A different type of heroine, that’s how I saw Phoebe. She’s different from other English women and experienced a humble beginning. She’s also got a bit of temper, but the Quaker childhood helps her reign it in. What I admired about the heroine is that she sticks to her convictions, while still showing vulnerability and flaw. Phoebe tries so hard to be a good person, but makes mistakes just like everyone else. My likes end here. Her communicate skills sucked, and I honestly don’t enjoy books where the hero and heroine say all the wrong things. This was that type of book. They didn’t say what needed to be said, which resulted in ‘the big misunderstanding’.
Lucas, the ex-soldier and flawed hero, left me feeling exceedingly distant from him through most of the book. He’s got every right to be since his first love trampled over his heart. His entire family is hoping Phoebe will make Lucas whole again, and I did enjoy his backstory. Yet Phoebe expresses concern over not knowing how Lucas feels, and often questions his true feelings and reactions to situations. She tends to pre-judge, but even when I was in Lucas’ POV I didn’t feel close to him. He’s even guarded in his own head. As the story progresses I realized the shielded and no expression is part of him, but I didn’t like it.
The themes of love, peace, and the holidays are present and lend a helping hand to the story and the plot. For both Phoebe and Lucas it’s about connecting, discovering, and redeeming themselves. Kelly does an excellent job of providing external and internal conflict to keep Lucas and Phoebe on their toes; from smugglers to family feuds. Pacing did drag in portions of the book and I found the descriptive areas didn’t keep me as engaged. I did enjoy Kelly’s presentation of a Quaker and an ex-soldier in the Anglican world, and was able to experience the challenges Phoebe and Lucas had in adjusting to their new circumstances. It’s a shame that so often they were at odds rather than teaming up to overcome the difficulties of their new roles.

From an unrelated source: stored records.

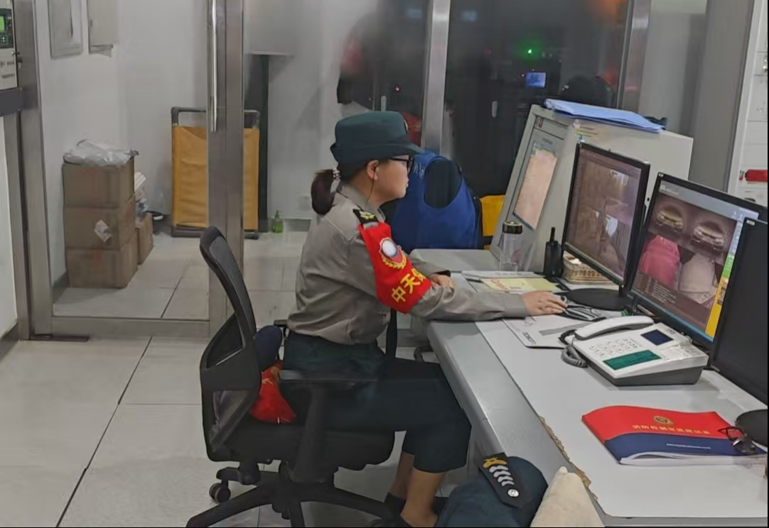 假日期间,校园实行封闭管理,校门外拒马和石球整齐布设。值班干部按时到岗,落实巡查责任。保安人员24小时在岗值守,严格执行出入登记与巡查制度及假期体育场地对外开放制度,切实守好校园安全的第一道“关口”。同时,学校加强对消防设施、电梯设备的维保与定时点检,确保设备完好、随时可用。人防、物防和技防措施的到位,切实筑起一道可靠的安全屏障。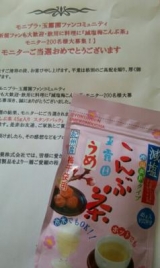 +こんばんは、みるくでっすヽ(´∀`)ノモニプラさんで +玉露園の減塩梅こんぶ茶をお試しさせて頂きました((´∀`))届いたのはこちら♪モニター当選のお手紙と梅こんぶ茶( ´艸`)玉露園さんの「梅こんぶ茶」は塩分30%カットの減塩なのですなので、塩分を気にする夫にもぴったり♪梅干しにもこだわっていて、紀州産の梅干しを使用しているそうですこれ1パックで22杯分も飲めます♪嬉しい((´∀`))裏面には説明書きが♪えーとなになに??え!アイスでも飲めるんだ!!知らなかったです浅漬けにもできるらしいですΣ(´▽`ノ)ノ中をのぞくと、梅肉というか梅の塊?がちょこちょこみえますまずは、1杯!ティースプーンに半分くらいに100ccのお湯を入れるとこんな感じ( ´艸`)おーいしーい!!減塩とは思えません普通の「梅こんぶ茶」♪そして梅の味がしっかり効いているような何と言ったらいいんでしょう梅とこんぶなので食欲をそそる味です(笑)空腹時には要注意!きっと白ご飯をざぶっと入れてさらさら梅茶漬けにしてしまうでしょう(笑)自分で濃さを調節できるのもいいですね♪上の写真ではなかなか分かりにくいですがせっかくなので職場でいつも色々差し入れをくれる先輩と飲んでみました!紙コップがよかったのか、光の当たり具合が良かったのかわかりませんがキレイに撮れた♪ほんのりピンク色でカワイイ( ´艸`) 濃厚なこんぶがまた良いんです「癒されるねぇ^^」と言いながら飲みました♪近々、お茶漬けに挑戦したいと思います(それまでもつのか?!、笑)この味を知ってしまったので、見かけたらきっと買ってしまうと思います( ´艸`)玉露園さん、美味しい梅こんぶ茶をお試しさせて頂き、ありがとうございました 玉露園ファンコミュニティファンサイト参加中 続きを見る ['close']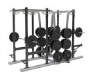 В основании рамы имеются два гнезда, обеспечивающих вертикальное хранение олимпийских грифов. Специальный бортик защищает гриф от возможности механических повреждений.

For Vanessa Kelly fans there are plenty of secondary characters from previous books, including the famous Bathsheba and Marquess of Silverton. This was my first Kelly novel so I wasn’t as familiar with the characters and their romantic journeys, but the little hints were enough to interest me in reading some of their stories.
In the end I was anxious to see if both H/H could overcome their personal issues and grow to be a couple that would rival their relations, and I wasn’t disappointed by the ending. It’s a decent read that will put you in a holiday mood.